Darren Woods set up the IT consultancy enCircle with his business partner Tom in 2002. At that time Darren hadn’t encountered permaculture and enCircle wasn’t a permaculture business in any way. It did, however, have a strong ethical framework, as Darren and Tom were frustrated with the way that IT businesses were over-charging public sector organisations for sub-standard IT projects.
After 14 years with enCircle, he recently launched a pub with Rachel which won Nottinghamshire Village Pub of the Year 2015 (another permaculture inspired enterprise!), and moved onto a canal boat.
enCircle started out in Tom’s bedroom in Loughborough with two computers.

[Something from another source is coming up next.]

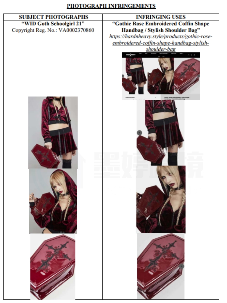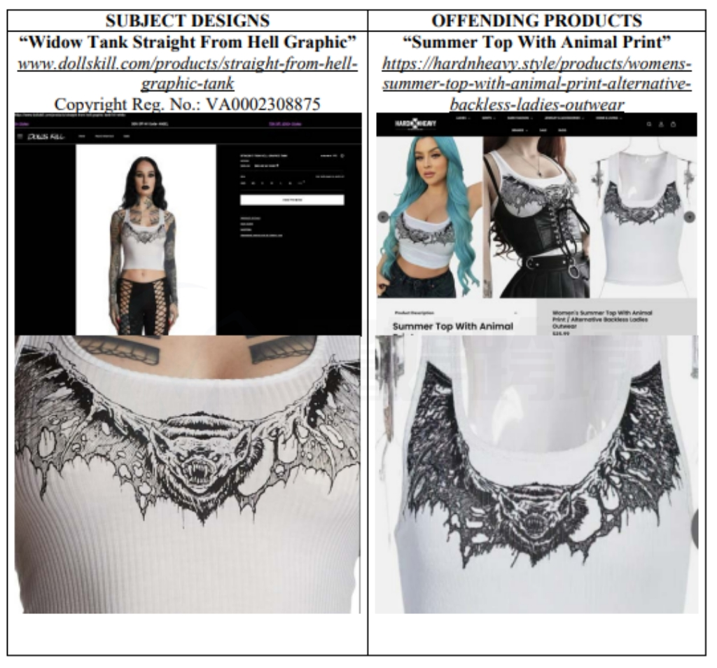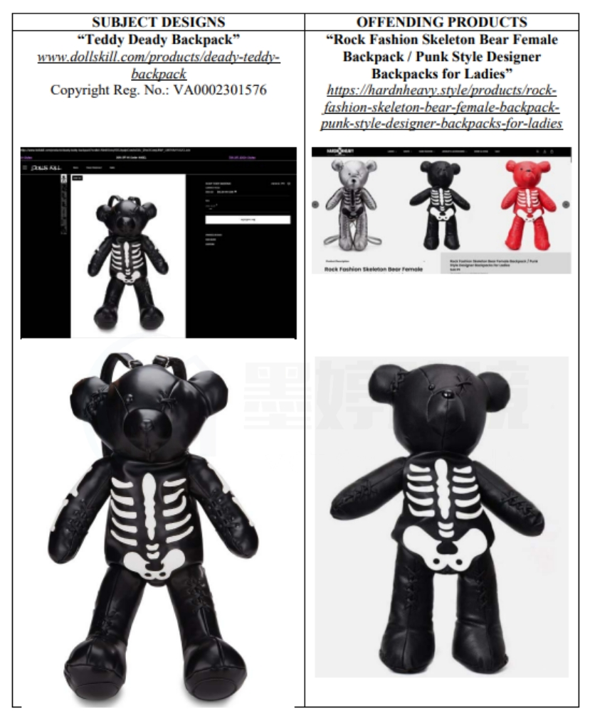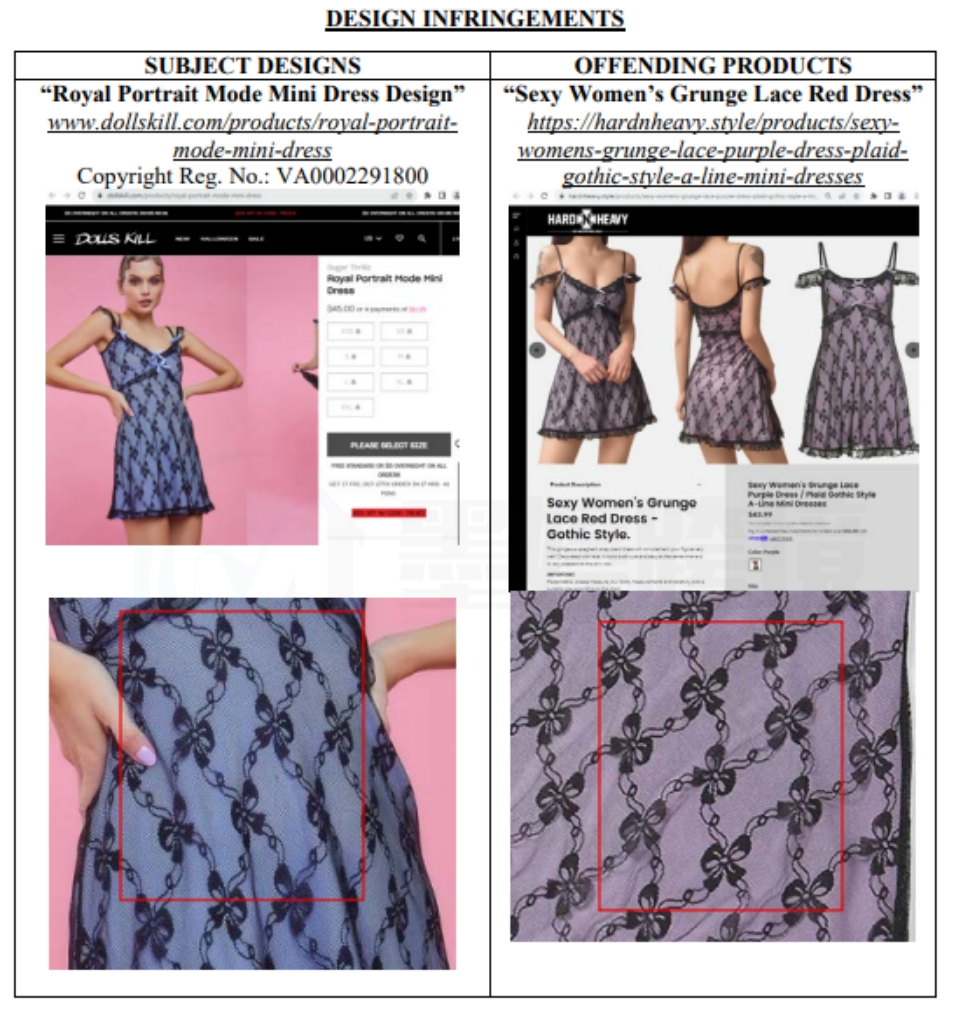 Dolls Kill, Inc. 旗下的图案、印花及部分服装设计均已进行版权保护,具有很强的识别度。在跨境销售相关产品时,如果未经授权使用这些元素,容易被判定为侵权。卖家在选品上架前一定要做好图样核查,避免不必要的风险。

From the beginning, they aimed to win government IT contracts.
Initially they offered to design software systems from scratch, but they found their approach was too radical; customers couldn’t relate to the open ended nature of the software on offer: “Someone likened it to trying to sell a car, but just as a big sheet of metal, saying ‘Well it can be any car you want, what do you want?’”
So, they had to develop more structured packages, aimed at helping police forces manage complex data. Today they work with small businesses, universities, and local and national government, mainly around operational support needs.

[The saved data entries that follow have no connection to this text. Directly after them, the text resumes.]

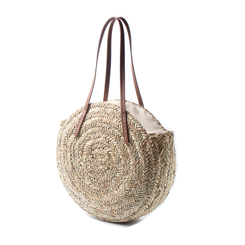 HOT OFFERS Fashion Round Straw Bags Rattan Women Shoulder Casual Wicker Woven Handbags Moroccan Palm Basket Beach Bag Summer Big Tote SPECIAL Online HOT PRICE Limited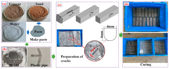 The specific operation steps were: (1) cement, fine sand, and water were mixed well beforehand, then loaded into the triclinic mold and densely vibrated on a vibrating table. (2) The specimens were first cured under natural conditions for 4 h, and three angles of the cracks were prepared on the specimens. The plastic tube was pressed in the center of the specimens with a certain strength until the plastic tube was completely in the specimens, after which the plastic tube was carefully removed. The diameter of the plastic tube was 4 mm and the length was 20 mm, as shown in Figure 6b. The prefabricated crack was 4 mm deep, 4 mm wide, and 20 mm long, and it was tilted at 0°, 45° and 90°, as shown in Figure 6c. (3) After that, the specimens continued to be set in the triclinic mold for 20 h and then demolded. (4) The demolded specimens were cured in water for 7 d and then cured for 28 d in nature. The curing temperature fluctuated between 23 °C and 26 °C. The whole preparation process is shown in Figure 6.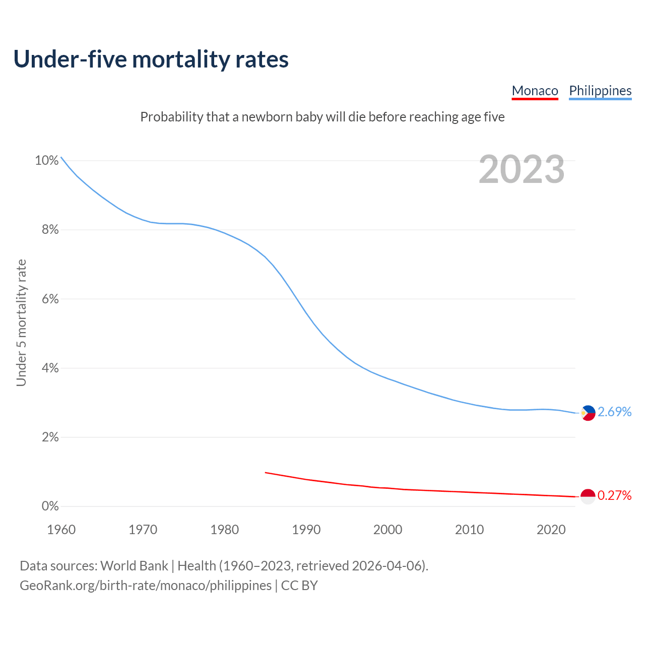 The chance that a newborn baby will die before reaching age five is 0.27% in Monaco and 2.69% in the Philippines. Above is a chart with historical data on under-five mortality rates.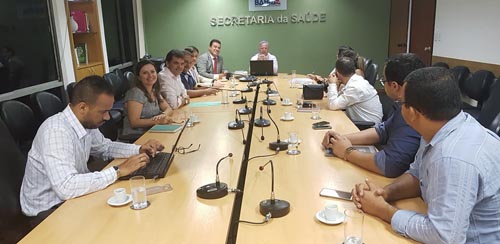 Para reivindicar melhorias nos sistemas se saúde dos municípios, o deputado Marquinho Viana (PSB), levou (em 03/04/18), os prefeitos: Haroldo (Ibicoara), Jones (Caraíbas), Lêda (Aracatu), Quinho (Belo Campo), Dico (Planalto); secretários municipais e Dr. Élvio, da Santa Casa de Vitória da Conquista, para uma audiência com o secretário Estadual da Saúde, Dr. Fábio Vilas Boas, que sempre o atendeu com muita prontidão e receptividade. Os gestores municipais saíram do encontro bastante satisfeitos.
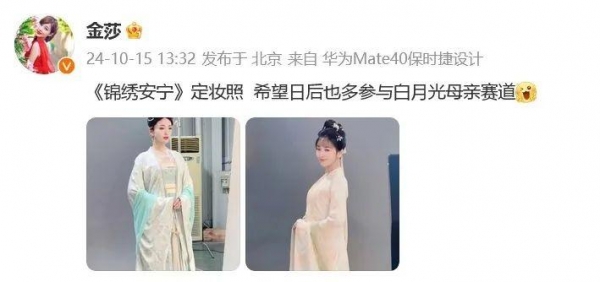 10月15日,金莎晒出两个定妆照回应:"《锦绣安宁》定妆照,希望日后也多参与白月光母亲赛道。"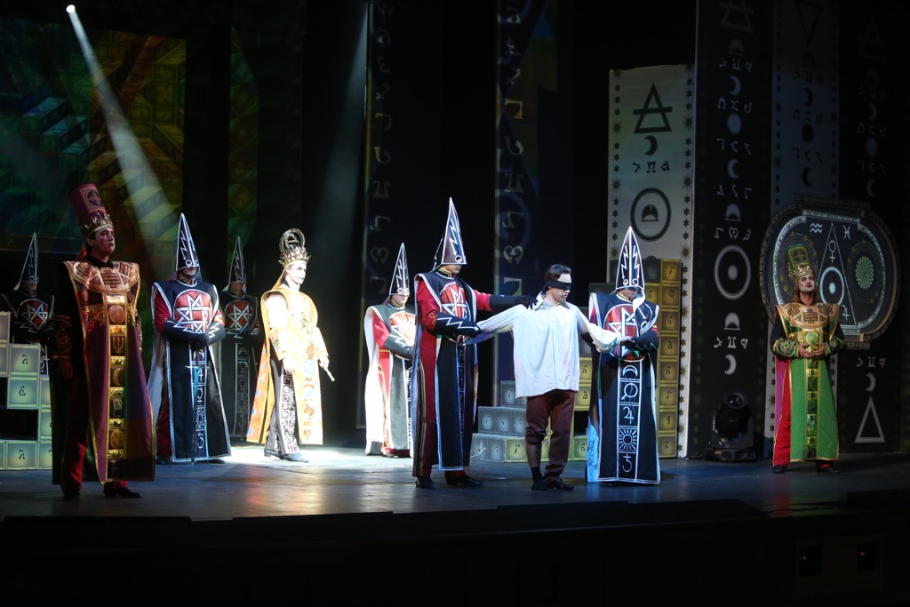 Короб из ширм-занавесов, маленький балаганный театр, что располагается в центре сцены, словно волшебный фонарь фокусника дает огромные возможности постановщикам. Великолепны костюмы — по-настоящему сказочные, загадочные, какие-то неведомые и даже где-то инопланетные (как у трёх дам-валькирий Царицы ночи), прекрасно организован интерактив со зрительным залом.

Their latest project has been configuring databases for the Diversity Team at the The Ministry of Justice, supporting female, black and state school educated legal professionals on their journeys to become judges.

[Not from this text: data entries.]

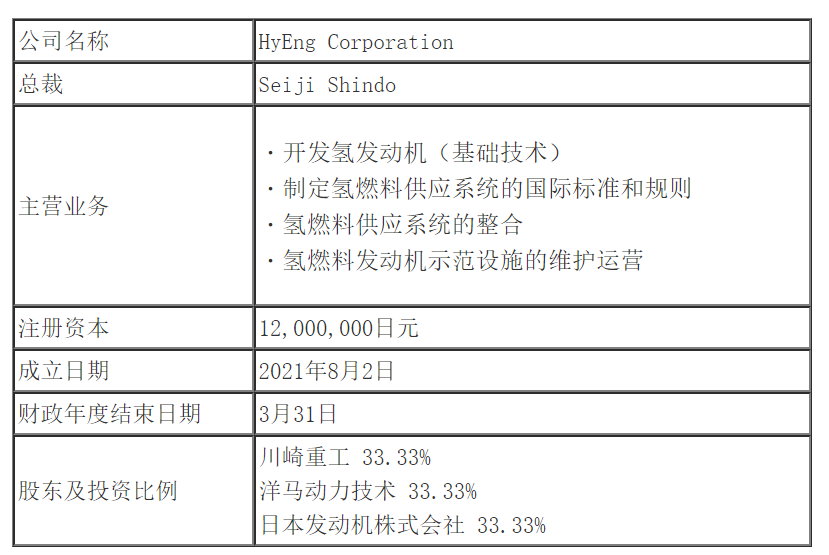 日本三大船舶发动机制造企业——川崎重工(Kawasaki Heavy Industries, Ltd.)、洋马动力技术(Yanmar Power Technology Co., Ltd.)、日本发动机株式会社(Japan Engine Corporation)签订了合资协议,宣布成立新公司——HyEng株式会社。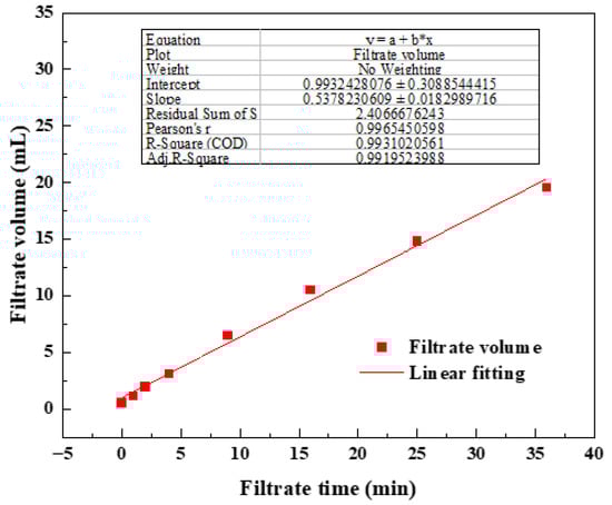 where is the flow rate of the filtrate (cm3·s−1); is the volume of the filtrate (cm3); and is the time of the filtrate (min).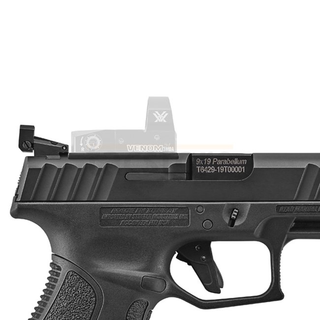 The four mounting plates included with the Stoeger STR-9S Combat allow compatibility with a variety of popular red dot sights. These plates support the following optics: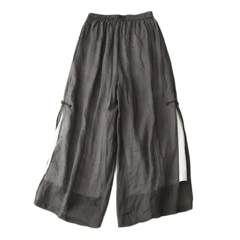 Graue Baumwolle Leinen lässig elastisch hohe Taille mit Futter Damen hose weites Bein knöchel lange Hose für Damen bekleidung Mode - TopDealBox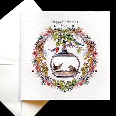 A perfect card for Mum is this wonderful festive hand-painted garland of autumn leaves and berries surround this wintry garden scene. Enjoying a Christmas feast on this special hanging bird table is the cute little wren and the house sparrow, while the bluetit and robin are perched awaiting their turn. On ivory card this beautiful wildlife scene comes to life with silver glitter highlights and a new glass gems to bring that Christmas Sparkle.This card is also available for Mum & Dad or just saying Happy Christmas.

Their registered address is now Nottingham. They are transitioning to a virtual enterprise, with their people working from home offices – another permaculture inspired decision.
Darren is very positive about the future of enCircle, with the new Government Digital Service seeking to get government IT services developed by small companies ‘because they work twice as hard to deliver something that works for half the cost’.
When Darren found permaculture two years after launching enCircle, he realised that the elements, functions and design systems were directly applicable to IT projects. He found it brought a strong framework rooted in the ethics and principles and key design tools, people care led to the user being placed at the centre of the software design process allowing him to create projects in a way that ensures great results.
He uses permaculture design tools to survey his clients; training them in what a system can do, then configuring the system to their needs. Getting their feedback, observing, tweaking, reconfiguring, and doing actual learning as part of the training.
Darren says: “It’s selling yourself primarily. So you need to get into eye contact with your customers… don’t try and sell them anything on the phone, just get a meeting. Look people in the eye and actually sell yourself, it doesn’t matter what else you’re selling, if they don’t buy into you as a human being they’re not going to buy into whatever you’re trying to sell them.”